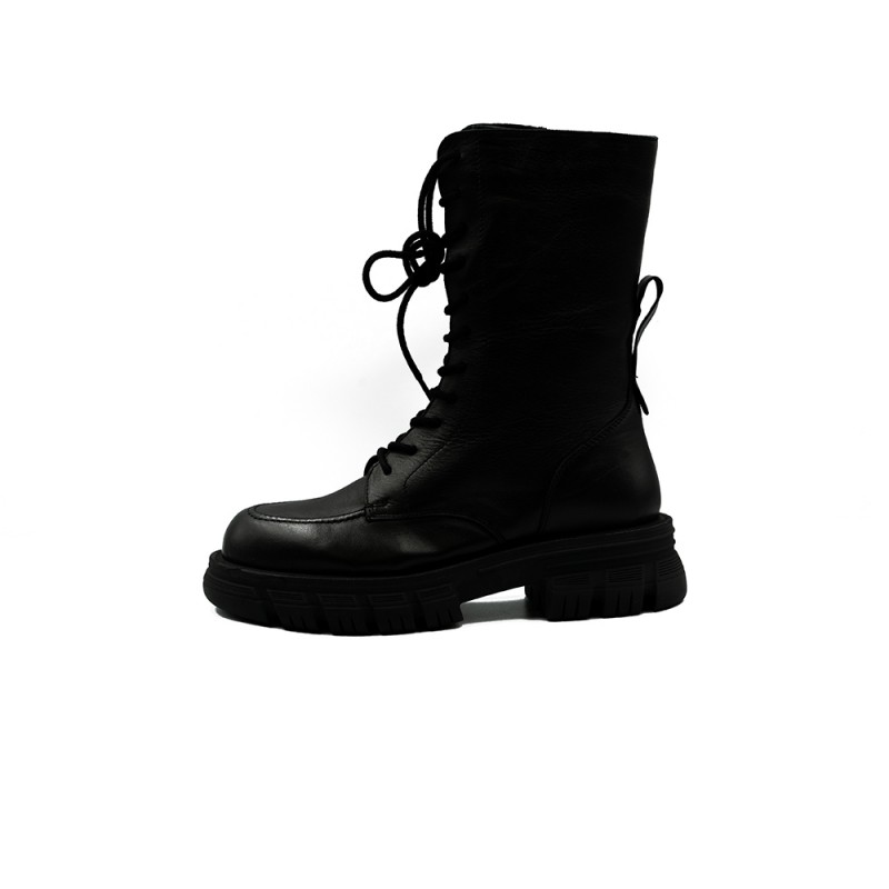 Juodos spalvos ilgaauliai su komfortiško aukščio - 4 cm padu.
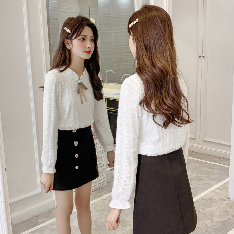 Осенняя рубашка, кружевной базовый приятный телу осенний лонгслив, 2021 года
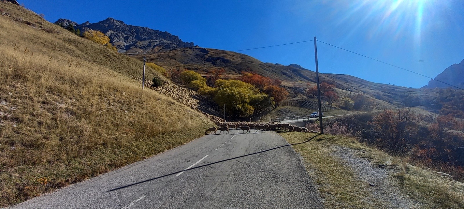 Remontée par la route, car je veux éviter le poussage par le sentier direct. Un gros troupeau de mouton qui traverse (2500 bêtes), me permet de faire une pause.
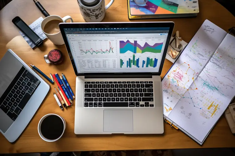 Zdjęcie stanowiska z komputerem, laptopem, i dwoma urządzeniami mobilnymi
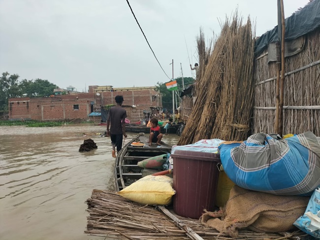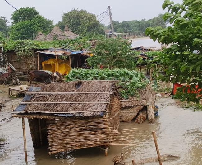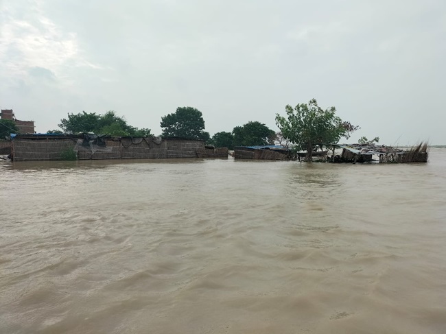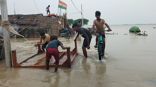 सारण के डोरीगंज में तटीय इलाके में फैला बाढ़ का पानी
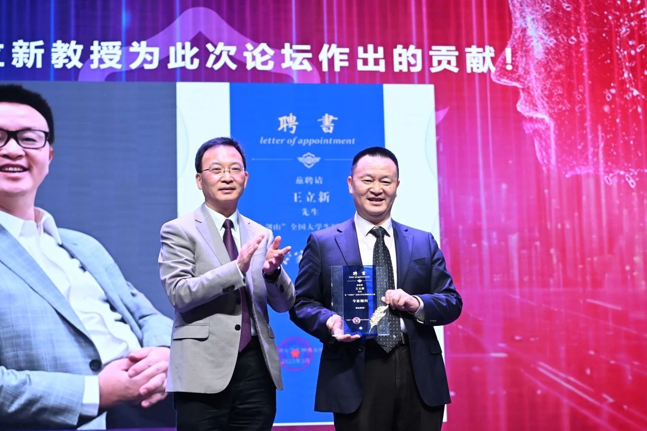 (重庆移通学院校长吕翊为王立新教授颁发“古剑山”全国大学生网络攻防大赛专家顾问聘书)
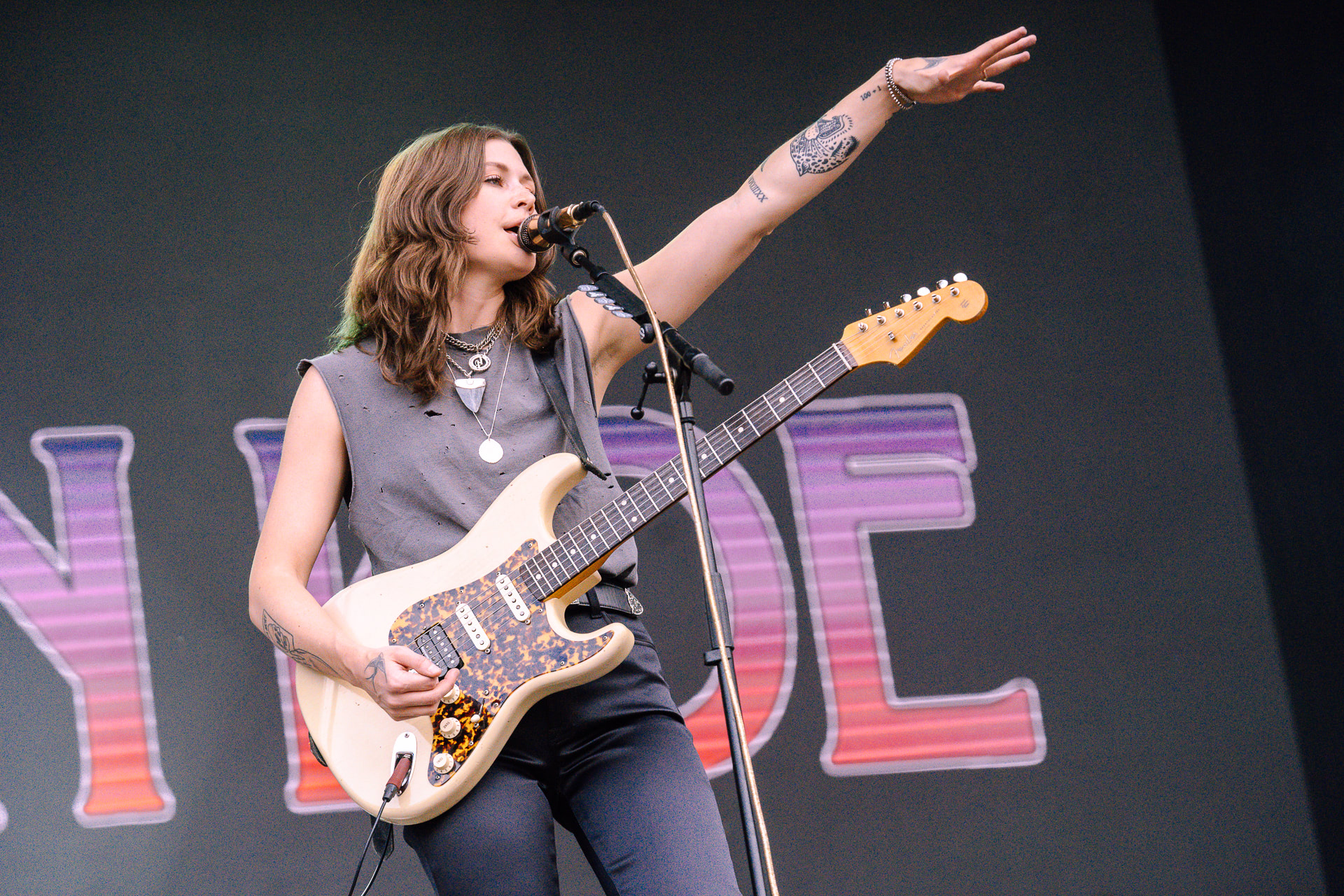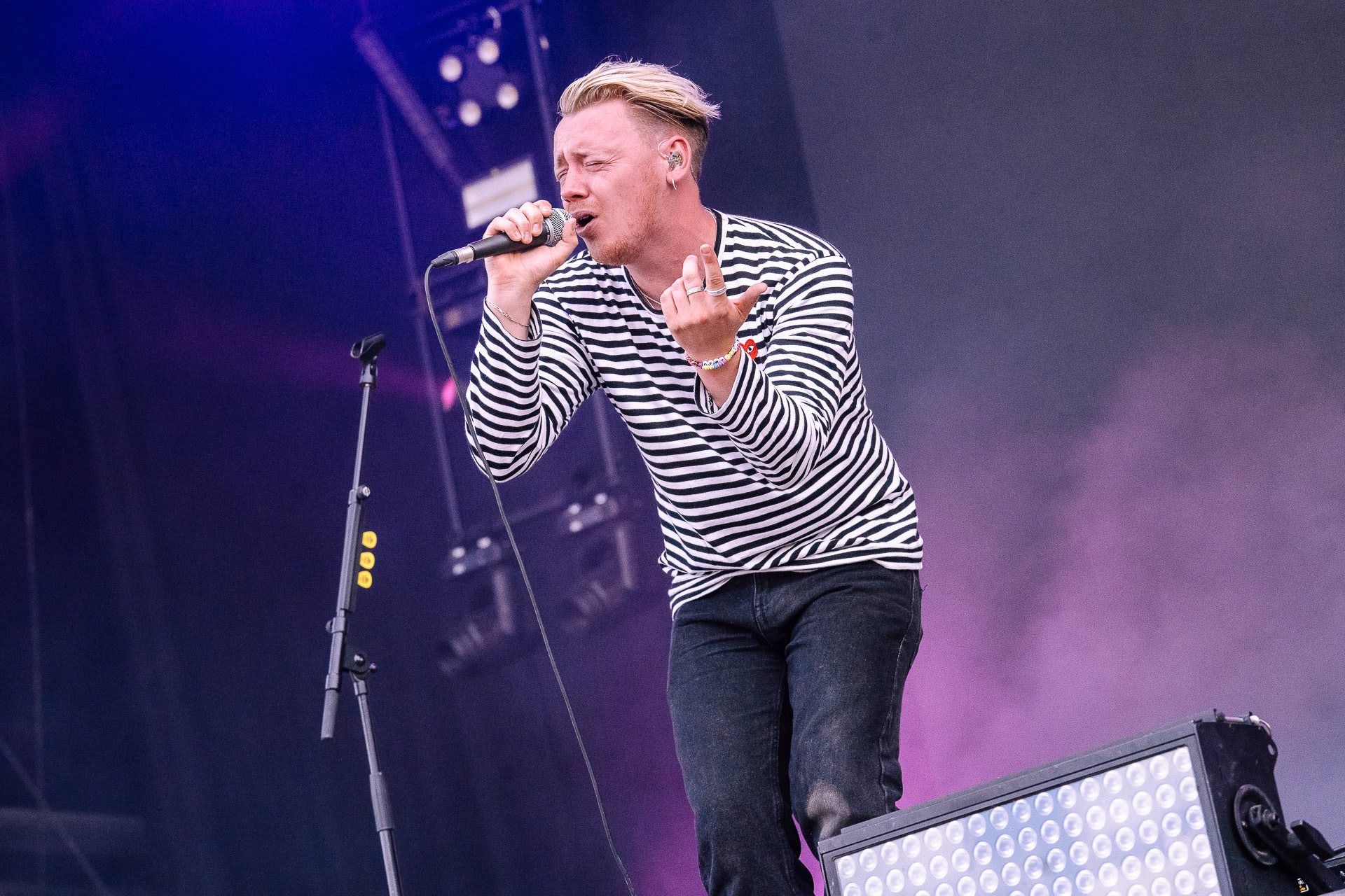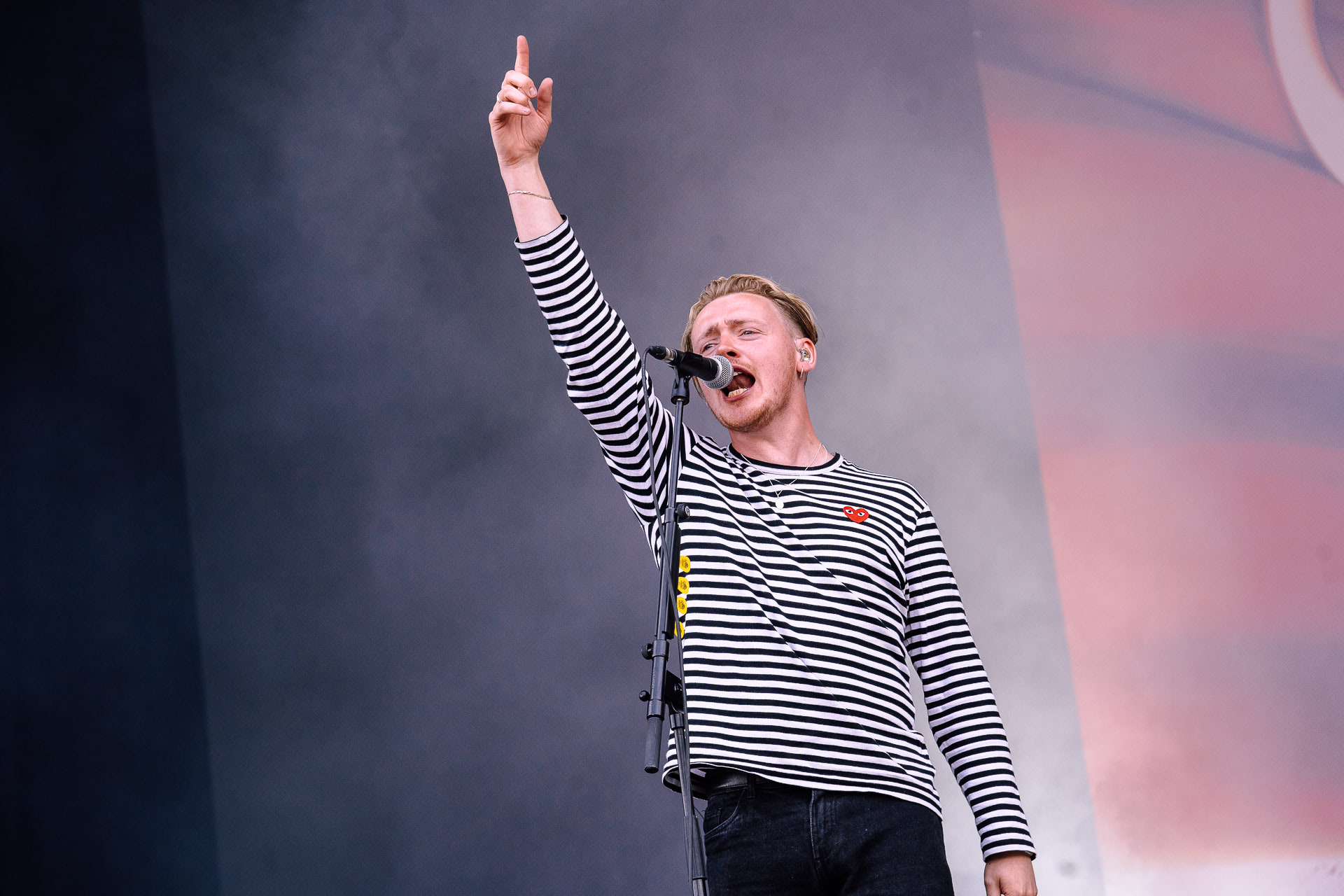 Jeune prodige originaire de la banlieue de Londres, le chanteur et guitariste Declan McKenna s’impose, avec le reste de son groupe, par ses mélodies originales, entraînantes et variées ainsi que ses textes engagés. Cet artiste talentueux nous joue des chansons écrites dès l’âge de 15 ans. Au même âge, nous, on apprenait seulement à cuire des pâtes. Il fait le show et l’unanimité dans les cœurs du public arrageois. Bravo à lui même si l’artiste est clairement le couteau suisse de festival. Les mélodies sont maîtrisées, le sens du spectacle aussi, on comprend alors mieux pourquoi l’artiste enchaine les tournées complètes dans les salles de concerts.
:::::
## ASSIGNMENT
Exclude the images and reproduce the remaining data exactly.

## RESULT OF THIS TASK
 Juodos spalvos ilgaauliai su komfortiško aukščio - 4 cm padu.
 Осенняя рубашка, кружевной базовый приятный телу осенний лонгслив, 2021 года
 Remontée par la route, car je veux éviter le poussage par le sentier direct. Un gros troupeau de mouton qui traverse (2500 bêtes), me permet de faire une pause.
 Zdjęcie stanowiska z komputerem, laptopem, i dwoma urządzeniami mobilnymi
 सारण के डोरीगंज में तटीय इलाके में फैला बाढ़ का पानी
 (重庆移通学院校长吕翊为王立新教授颁发“古剑山”全国大学生网络攻防大赛专家顾问聘书)
 Jeune prodige originaire de la banlieue de Londres, le chanteur et guitariste Declan McKenna s’impose, avec le reste de son groupe, par ses mélodies originales, entraînantes et variées ainsi que ses textes engagés. Cet artiste talentueux nous joue des chansons écrites dès l’âge de 15 ans. Au même âge, nous, on apprenait seulement à cuire des pâtes. Il fait le show et l’unanimité dans les cœurs du public arrageois. Bravo à lui même si l’artiste est clairement le couteau suisse de festival. Les mélodies sont maîtrisées, le sens du spectacle aussi, on comprend alors mieux pourquoi l’artiste enchaine les tournées complètes dans les salles de concerts.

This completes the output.